Dr. Freya Spicer-White, Head of Autism and Neurodiversity Practice, shares the organisation’s new Autism Strategy – ‘Ask, Accept, Develop’
An autistic young person can face many challenges during the typical school day. Among the most common of these are: learning unaligned with their skills and interests, overwhelming sensory environments, the navigation of social interactions and the potential for unpredictable changes to the school routine.
Autistic students can be high achievers in the subjects that they enjoy, however they may struggle to focus on those subjects that do not ignite their interest and passion, so accessing the curriculum can prove challenging. School can be a place where they often feel forced to engage in topics or activities that do not interest them, or in the worst case, upset them.
School corridors covered in posters and decorations, dining halls filled with overpowering food related smells and playgrounds teeming with loud and noisy peers, all contribute to an inhospitable sensory environment for many autistic young people.
The social aspects of life can also make school a confusing and sometimes daunting place which impacts their wellbeing and self-esteem.
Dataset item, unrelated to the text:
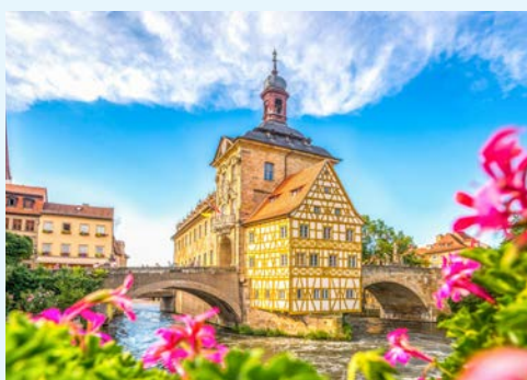
Bamberg lohnt mehr als einen Blick

– bei entsprechendem Wetter – die Liegestühle auf dem Sonnendeck, nutzen. Während des Mittagessens erreichen Sie Gerlachshausen. Hier erwartet Sie Ihr Reisebus und bringt Sie nach Würzburg. Würzburg liegt mitten im fränkischen Weinbaugebiet, an beiden Ufern des Mains. Das Gesamtbild der Stadt wird von der mittelalterlichen Festung Marienberg beherrscht. Auf dem rechten Mainufer steht die fürstbischöfliche Residenz, eine der großartigsten Schlossbauten des Barocks und auf der UNESCO-Liste des Weltkulturerbes. Bei einem geführten Stadtrundgang lernen Sie die wichtigsten Sehenswürdigkeiten der alten Haupt- und Bischofsstadt Würzburg kennen, wie den Residenzplatz, den Dom, die Neumünsterkirche, das Haus zum Falken und das alte Rathaus. Danach bleibt sicher noch etwas Zeit für einen Bummel auf eigene Faust. Abendessen an Bord.

Navigating new social groups and existing friendships can be tricky for autistic young people, and situations such as these can lead to frequent misunderstandings or student’s spending the day ‘camouflaging’ and masking their neurodiversity.
The unavoidable last minute changes to the timetable or a substitute teacher can also be distressing. The school day can be exhausting, frustrating and stressful and often makes learning feel impossible.